Session: 801. Gene Therapies: Poster I
Hematology Disease Topics & Pathways:
Research, Translational Research, Genetic Disorders, drug development, Diseases, Therapies, emerging technologies, Technology and Procedures, gene editing, Study Population, Animal model
Primary human CD34+ hematopoietic stem and progenitor cells (hHSPCs) were differentiated into megakaryocytes in vitro. MkEVs were harvested and loaded with pDNA via electroporation, followed by DNase treatment to remove free cargo. For in vivo biodistribution and cargo-mediated protein expression studies, STRM.BIO MkEVs were exogenously labeled with fluorescent dye (PKH26, Cell Tracker Deep Red, and/or DiD), loaded with cargo, and IV-injected into mouse tail veins (wild type or NSG) or NHPs (cynomolgus monkeys). Tissues were collected 16-48h after IV injection, with MkEV tissue biodistribution quantified by dye fluorescence (Mean Fluorescence Intensity (MFI), plate reader) normalized to tissue weight or genomic DNA input, and pDNA cargo quantified by qPCR. Additionally, quantification of MkEVs+ cells was performed by flow cytometry analysis of murine bone marrow derived sub-populations (lineage negative, c-Kit+, Sca-1+ (LSK); lineage positive (Lin+); and, long-term HSCs (LT-HSCs; Lin-/CD150+/CD201+)) cells. Protein expression from MkEV-loaded pDNA cargo was similarly determined by plate reader fluorescence data and confocal microscopy.
In mouse biodistribution studies, DiD-labeled MkEVs were predominantly detected in bone marrow, followed by liver and spleen 16h-post tail vein injection (plate reader analyses: Bone Marrow - 1.1e4 ± 0.2 SD; Liver - 9.6e3 ± 1.0 SD; Spleen - 1.8e4 ± 0.2 SD. MFI/g tissue; n=3mice/group). Flow cytometry analyses show MkEVs preferentially targeted the hematopoietic compartment (of the MkEV+ cells, 94 ± 1% CD45+ vs 6 ± 1% CD45-, respectively), specifically, the HSPCs (68%, LSK) and LT-HSCs (100%) 48h post intravenous delivery via tail vein injection. Pharmacokinetic studies show that while MkEVs can circulate through highly vascularized tissues like the liver and spleen, they accumulate in the bone marrow. Strikingly, miRFP encoded by the pDNA was exclusively detected in bone marrow (p<0.0001 vs. all other tissues; Fig. 1).
In NHPs, dye-labeled MkEVSs were loaded with a MkEV-driven eGFP reporter plasmid. Studies showed preferential biodistribution to bone marrow, and preferential qPCR amplification of the pDNA cargo in bone marrow (both MFI/ACTB and GFP/ACTB were significantly higher vs. all other tissues: range p<0.05 through p<0.0001), Fig. 2. A tolerability and repeat dosing study was performed in NHPs. Monkeys were injected with 4 weekly doses of STRM.BIO MkEVs and serial bloodwork was obtained 6h post dose for cytokine evaluation and 5 days post dose for end organ damage assessment (n=4). The study showed no evidence of kidney, hematologic, or liver damage as evidenced by normal creatinine and electrolytes, no significant changes in complete blood counts, coagulation parameters, or liver function tests. There was no evidence of significant cytokine release or inflammatory changes on tissue histology. These data confirm that MkEVs are non-toxic and the platform is amenable to repeat dosing.

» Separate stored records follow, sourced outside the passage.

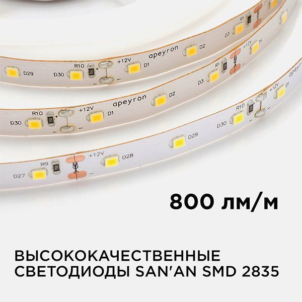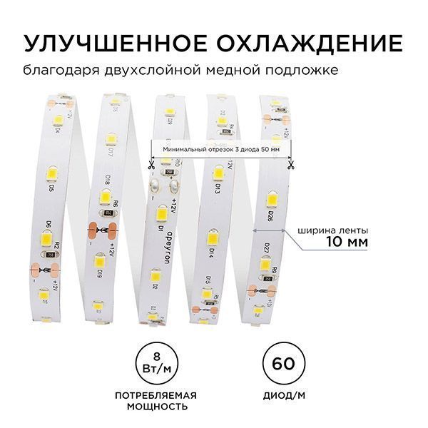 Светодиодная лента из линейки Стандарт с артикулом 00-120 работает от постоянного тока с напряжением 12В. Благодаря светодиодам smd 2835 излучающим световой поток равный 800 Лм/м лента является прекрасным решением для организации основного освещения и ярких декоративных подсветок. Она подойдет для создания основного освещения на базе многоуровневых потолков, а также будет отличным выбором для освещения торгового оборудования или требующих большой яркости рекламных вывесок. По сравнению с лампами накаливания светодиодная лента эквивалентна лампам мощностью 80 Вт. Данная модель светодиодной ленты обладает теплым белым цветом свечения с цветовой температурой 3000 К. При выборе светодиодной ленты важно учитывать такой параметр, как потребляемая мощность, чтобы правильно подобрать блок питания. У данной модели этот показатель равен 8 Вт на один метр. Степень защиты этого изделия соответствует стандарту IP20, что подразумевает использование только в сухих и проветриваемых помещениях. Отрезать светодиодную ленту можно в специально отмеченных местах, которые располагаются через каждые 50 мм. Компактные размеры светодиодной ленты с шириной 10 мм и основанием из гибкой, двухслойной, медной подложки дают огромное преимущество при создании любых дизайнерских фантазий. Для управления лентой используйте диммер для монохромной светодиодной ленты (приобретается дополнительно). С помощью него можно включать или выключать светодиодную ленту, отрегулировать ее яркость, а также использовать различные динамические режимы и настроить скорость их работы.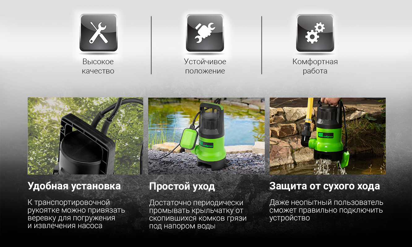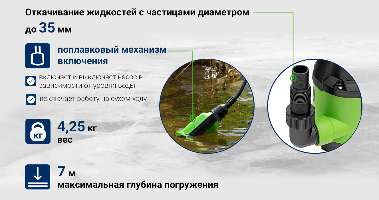 Высокая производительность 13 500 л/ч обеспечивает напор до 9 м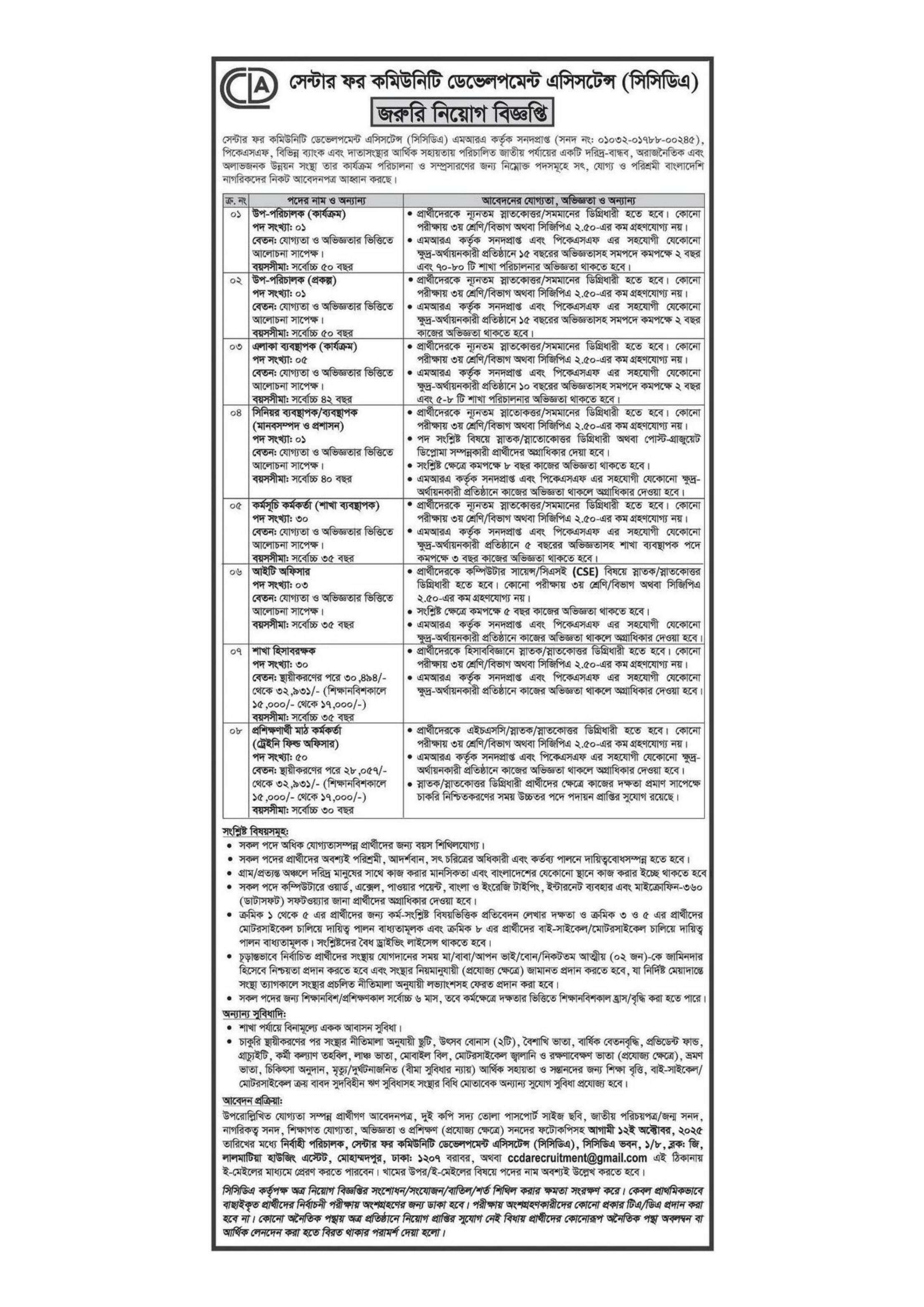 সেন্টার ফর কমিউনিটি ডেভেলপমেন্ট এসিসটেন্স (সিসিডিএ) এর নতুন নিয়োগ বিজ্ঞপ্তি প্রকাশ করেছে।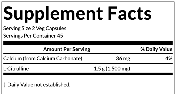 NOW Foods furnizează 1,5 g L-citrulină per porție, un prag practic și eficient pentru rutina zilnică. Prezența calciului (36 mg, 3%) completează formula.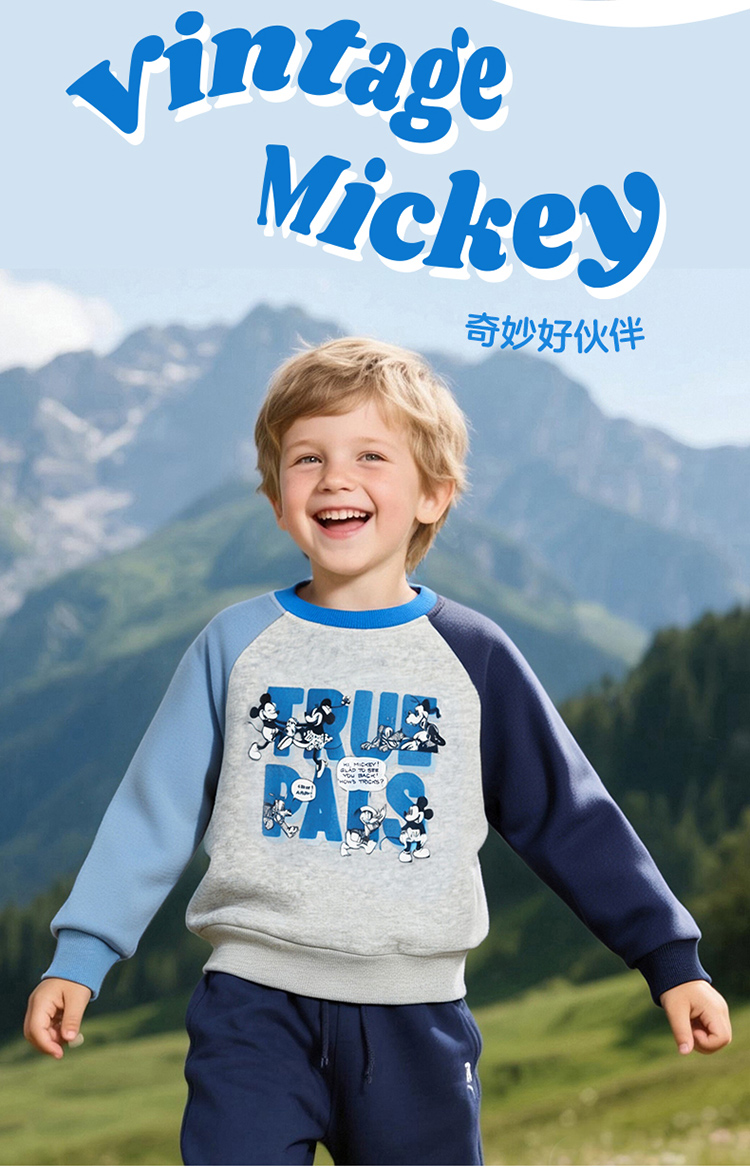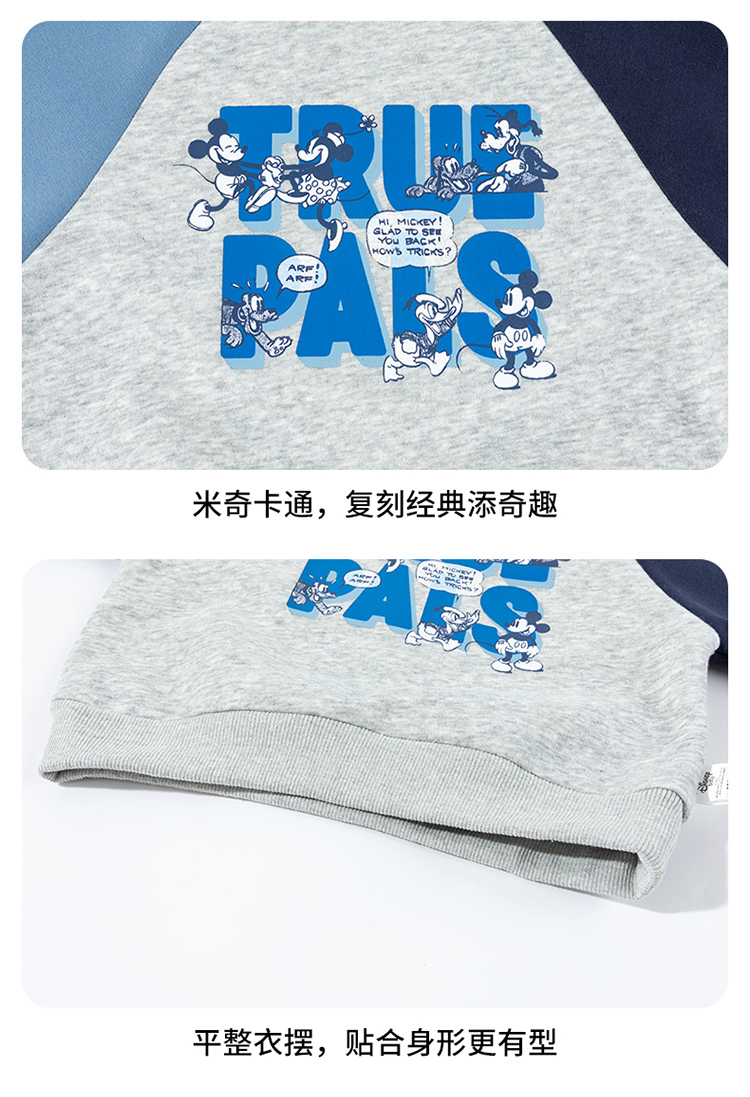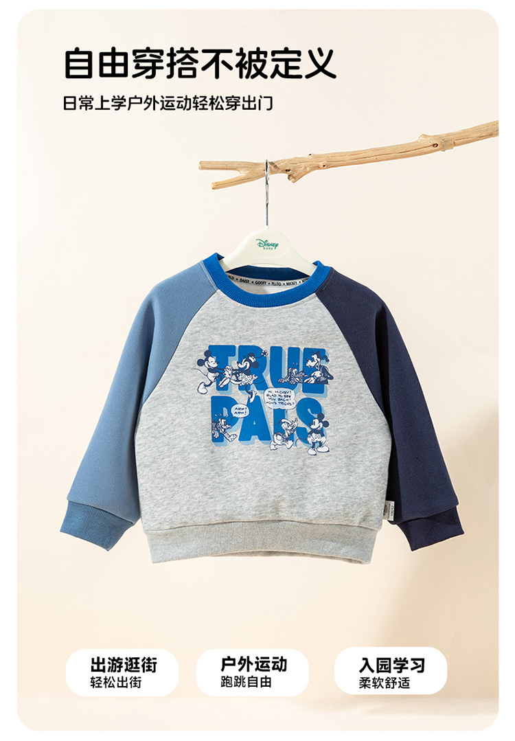 迪士尼2025春秋新款男童卫衣活力撞色插肩袖上衣中小童运动休闲卫衣ZD3ES019*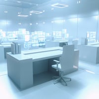 Step into a visionary workspace where form meets innovation. This Futuristic Office features an open-concept layout with sleek desks, advanced display screens, and a clean, minimalist design built for the minds shaping the future.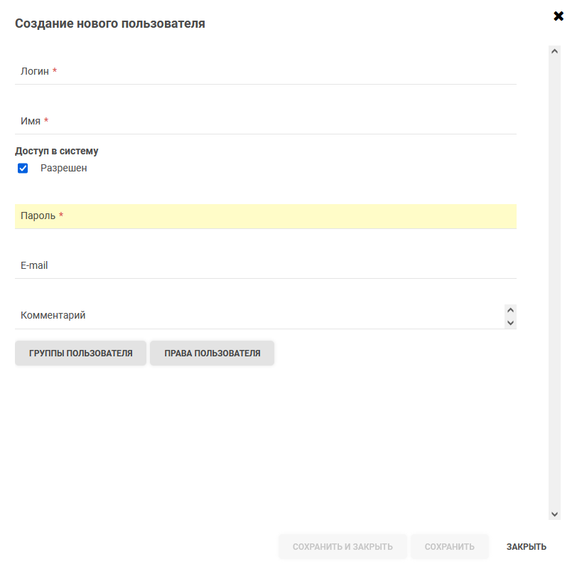 Для предоставления пользователю доступа в систему, установите флажок Разрешен.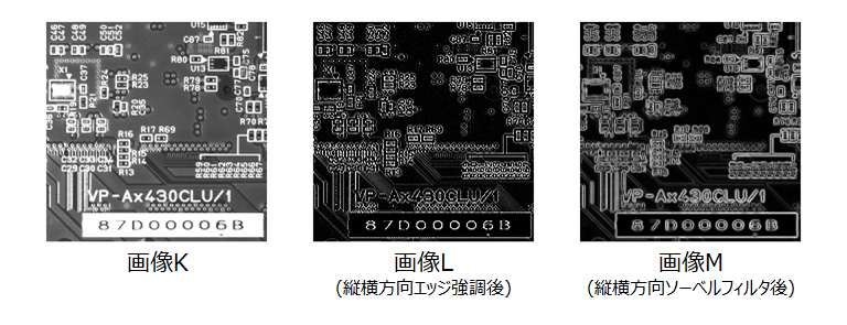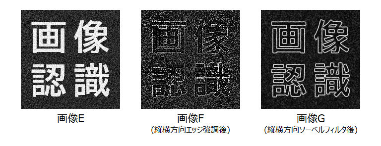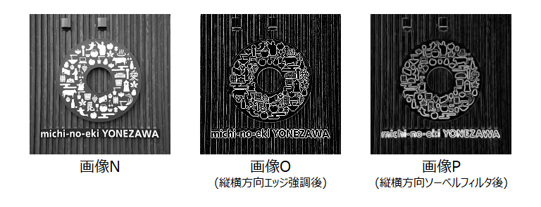 「画像F」「画像I」「画像L」「画像O」は以前に紹介した縦横方向のエッジ強調フィルタの結果で、輪郭と一緒にノイズが残ってしまっていることがわかります。

Taken together, these data establish an advanced gene therapy platform that can target bone marrow specifically following in vivo administration in both mice and NHPs, potentially eliminating the need for current ex vivo approaches to treat rare blood disorders, and providing the critical ability to repeat dose as required in clinic. STRM.BIO is leveraging our platform to develop gene therapies for rare blood diseases in people.
Disclosures: No relevant conflicts of interest to declare.